Sam Varshavchik wrote:
Gordon Messmer writes:
Maybe a better scenario to illustrate my concern would be this:
A user send an email to an alias that points off-site. Courier can't
contact the primary MX immediately, so it tries a backup MX. The
backup MX doesn't have a list of users, so it accepts the message in
order to relay it later. When the primary MX comes back up, the
backup MX tries to send the email, but the user no longer exists
(perhaps he's left that company). The backup MX has been instructed
not to give DSNs, so the original sender never knows that the intended
recipient doesn't receive the mail.
I've yet to see a forwarding alias being involved in this scenario in
any way.
I can conceive of scenarios more likely to occur if you like. Perhaps
your Courier server is on a private network, and it relays mail out
through a host dedicated to that task (maybe that one provides
additional filtering).

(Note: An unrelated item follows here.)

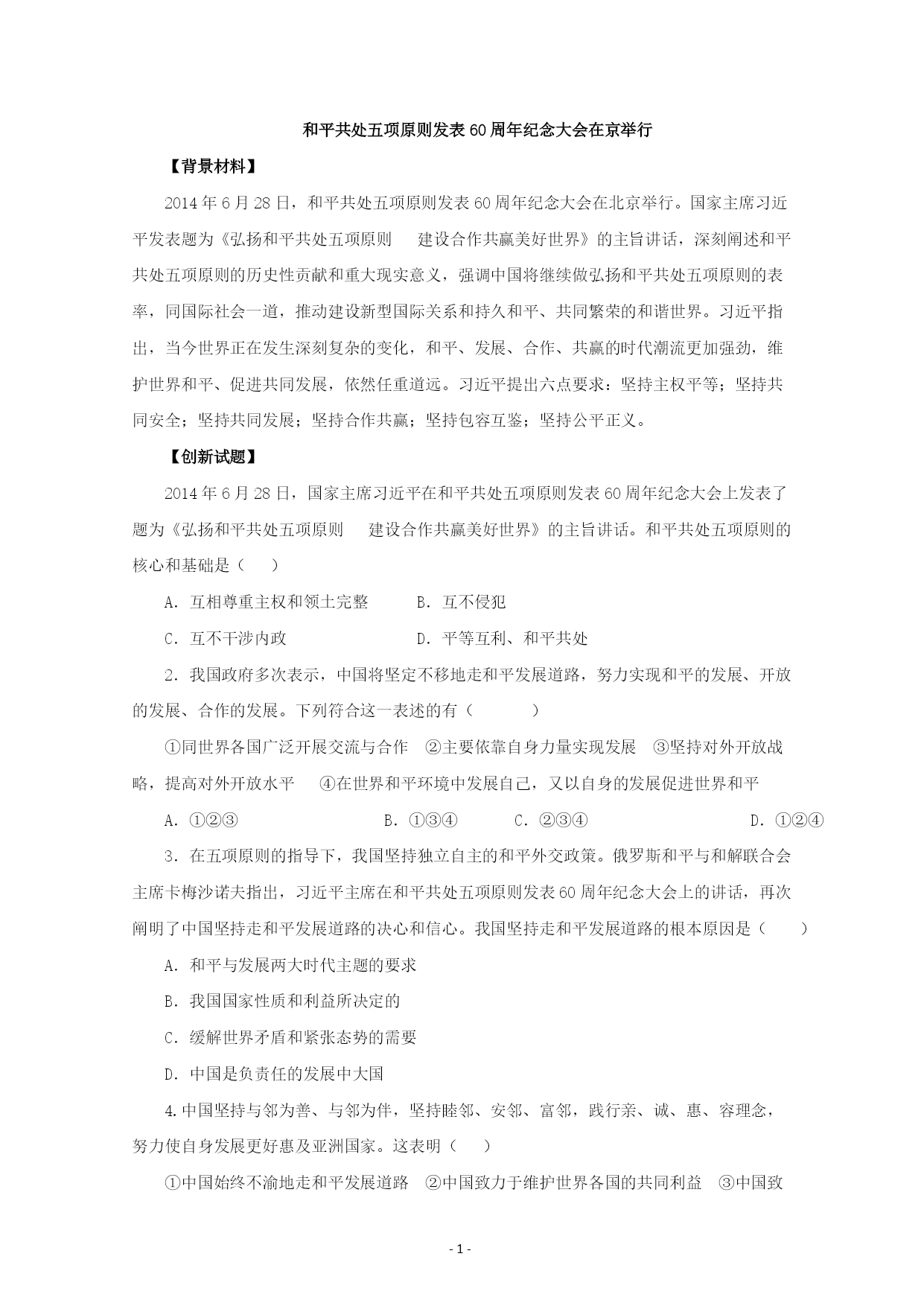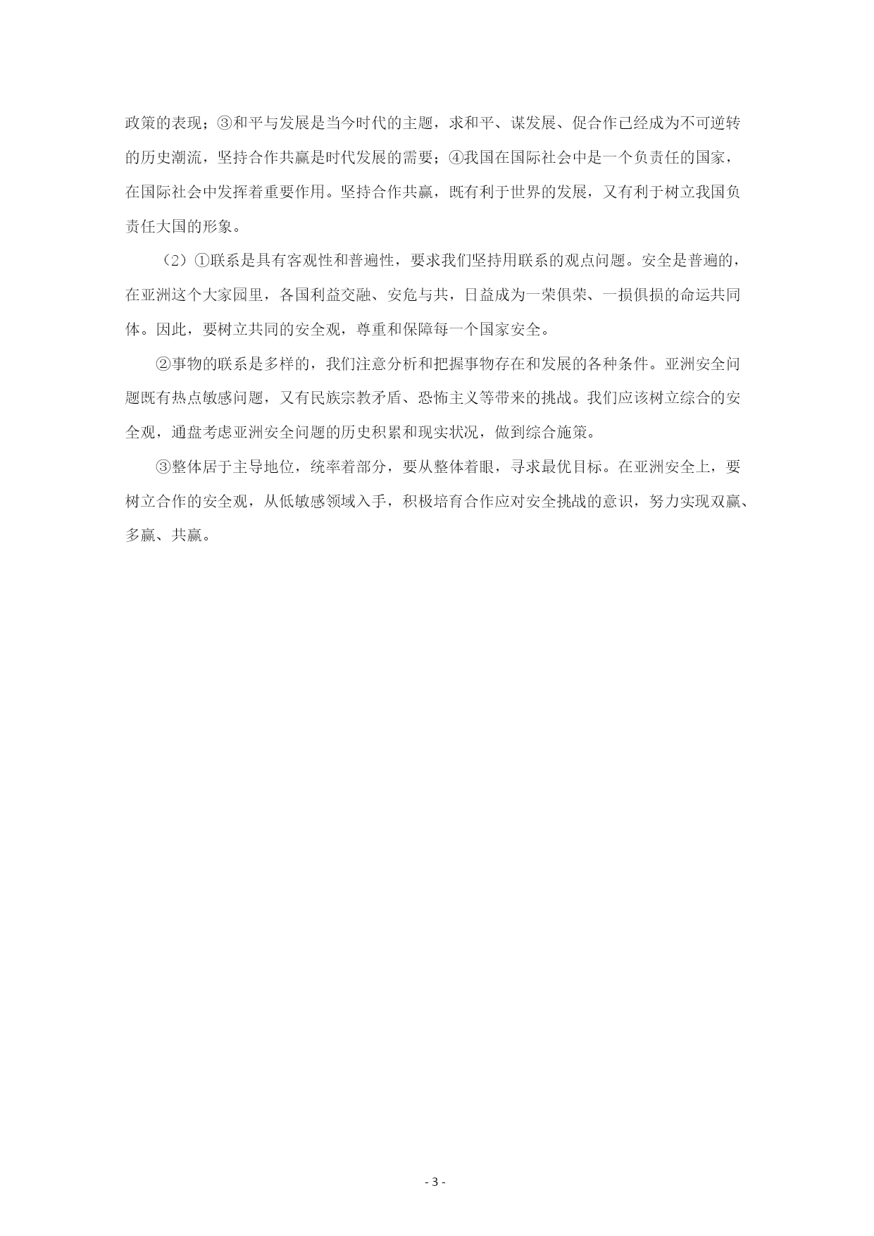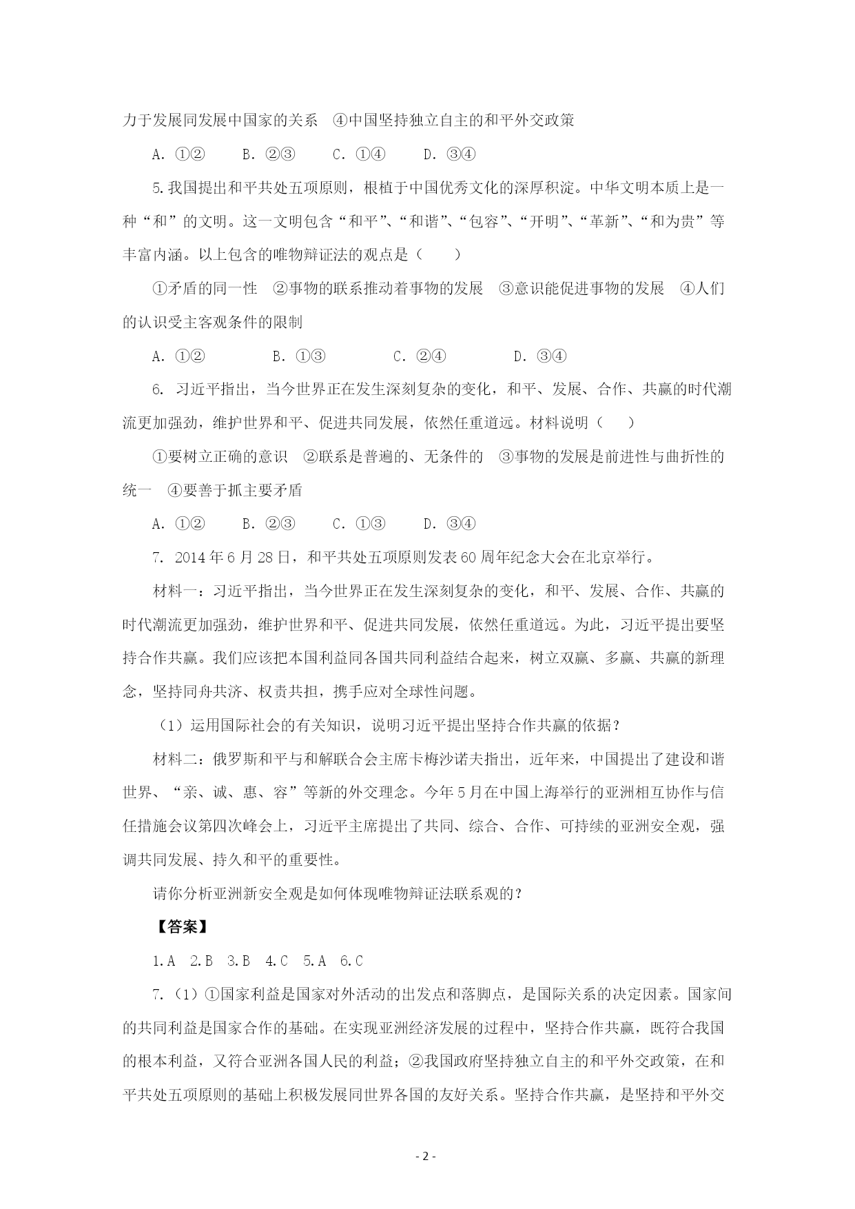 PAGE-3- 和平共处五项原则发表60周年纪念大会在京举行 【背景材料】 2014年6月28日,和平共处五项原则发表60周年纪念大会在北京举行。国家主席习近平发表题为《弘扬和平共处五项原则建设合作共赢美好世界》的主旨讲话,深刻阐述和平共处五项原则的历史性贡献和重大现实意义,强调中国将继续做弘扬和平共处五项原则的表率,同国际社会一道,推动建设新型国际关系和持久和平、共同繁荣的和谐世界。习近平指出,当今世界正在发生深刻复杂的变化,和平、发展、合作、共赢的时代潮流更加强劲,维护世界和平、促进共同发展,依然任重道远。习近平提出六点要求:坚持主权平等;坚持共同安全;坚持共同发展;坚持合作共赢;坚持包容互鉴;坚持公平正义。 【创新试题】 2014年6月28日,国家主席习近平在和平共处五项原则发表60周年纪念大会上发表了题为《弘扬和平共处五项原则建设合作共赢美好世界》的主旨讲话。和平共处五项原则的核心和基础是() A.互相尊重主权和领土完整B.互不侵犯 C.互不干涉内政D.平等互利、和平共处 2.我国政府多次表示,中国将坚定不移地走和平发展道路,努力实现和平的发展、开放的发展、合作的发展。下列符合这一表述的有() ①同世界各国广泛开展交流与合作②主要依靠自身力量实现发展③坚持对外开放战略,提高对外开放水平④在世界和平环境中发展自己,又以自身的发展促进世界和平 A.①②③B.①③④C.②③④D.①②④ 3.在五项原则的指导下,我国坚持独立自主的和平外交政策。俄罗斯和平与和解联合会主席卡梅沙诺夫指出,习近平主席在和平共处五项原则发表60周年纪念大会上的讲话,再次阐明了中国坚持走和平发展道路的决心和信心。我国坚持走和平发展道路的根本原因是() A.和平与发展两大时代主题的要求 B.我国国家性质和利益所决定的 C.缓解世界矛盾和紧张态势的需要 D.中国是负责任的发展中大国 4.中国坚持与邻为善、与邻为伴,坚持睦邻、安邻、富邻,践行亲、诚、惠、容理念,努力使自身发展更好惠及亚洲国家。这表明() ①中国始终不渝地走和平发展道路②中国致力于维护世界各国的共同利益 ③中国致力于发展同发展中国家的关系④中国坚持独立自主的和平外交政策 A.①② B.②③ C.①④ D.③④ 5.我国提出和平共处五项原则,根植于中国优秀文化的深厚积淀。中华文明本质上是一种“和”的文明。这一文明包含“和平”、“和谐”、“包容”、“开明”、“革新”、“和为贵”等丰富内涵。以上包含的唯物辩证法的观点是() ①矛盾的同一性②事物的联系推动着事物的发展③意识能促进事物的发展④人们的认识受主客观条件的限制 A.①②B.①③C.②④D.③④ 6.习近平指出,当今世界正在发生深刻复杂的变化,和平、发展、合作、共赢的时代潮流更加强劲,维护世界和平、促进共同发展,依然任重道远。材料说明() ①要树立正确的意识②联系是普遍的、无条件的③事物的发展是前进性与曲折性的统一④要善于抓主要矛盾 A.①② B.②③ C.①③ D.③④ 7.2014年6月28日,和平共处五项原则发表60周年纪念大会在北京举行。 材料一:习近平指出,当今世界正在发生深刻复杂的变化,和平、发展、合作、共赢的时代潮流更加强劲,维护世界和平、促进共同发展,依然任重道远。为此,习近平提出要坚持合作共赢。我们应该把本国利益同各国共同利益结合起来,树立双赢、多赢、共赢的新理念,坚持同舟共济、权责共担,携手应对全球性问题。 (1)运用国际社会的有关知识,说明习近平提出坚持合作共赢的依据? 材料二:俄罗斯和平与和解联合会主席卡梅沙诺夫指出,近年来,中国提出了建设和谐世界、“亲、诚、惠、容”等新的外交理念。今年5月在中国上海举行的亚洲相互协作与信任措施会议第四次峰会上,习近平主席提出了共同、综合、合作、可持续的亚洲安全观,强调共同发展、持久和平的重要性。 请你分析亚洲新安全观是如何体现唯物辩证法联系观的? 【答案】 1.A2.B3.B4.C5.A6.C 7.(1)①国家利益是国家对外活动的出发点和落脚点,是国际关系的决定因素。国家间的共同利益是国家合作的基础。在实现亚洲经济发展的过程中,坚持合作共赢,既符合我国的根本利益,又符合亚洲各国人民的利益;②我国政府坚持独立自主的和平外交政策,在和平共处五项原则的基础上积极发展同世界各国的友好关系。坚持合作共赢,是坚持和平外交政策的表现;③和平与发展是当今时代的主题,求和平、谋发展、促合作已经成为不可逆转的历史潮流,坚持合作共赢是时代发展的需要;④我国在国际社会中是一个负责任的国家,在国际社会中发挥着重要作用。坚持合作共赢,既有利于世界的发展,又有利于树立我国负责任大国的形象。 (2)①联系是具有客观性和普遍性,要求我们坚持用联系的观点问题。安全是普遍的,在亚洲这个大家园里,各国利益交

Your aliases to off-site hosts, then, get
delivered to your "smart host" with instructions not to notify users
when there are delivery failures.
I just think the idea of asking for no DSNs on aliases is ill conceived.
Situations will arise where you want a DSN and won't get one.
If you think I'm wrong, at least help me out by pointing me at the
general location where I should modify courier to suit my needs, please.
PS:
I apologise for taking this off-list... That was accidental.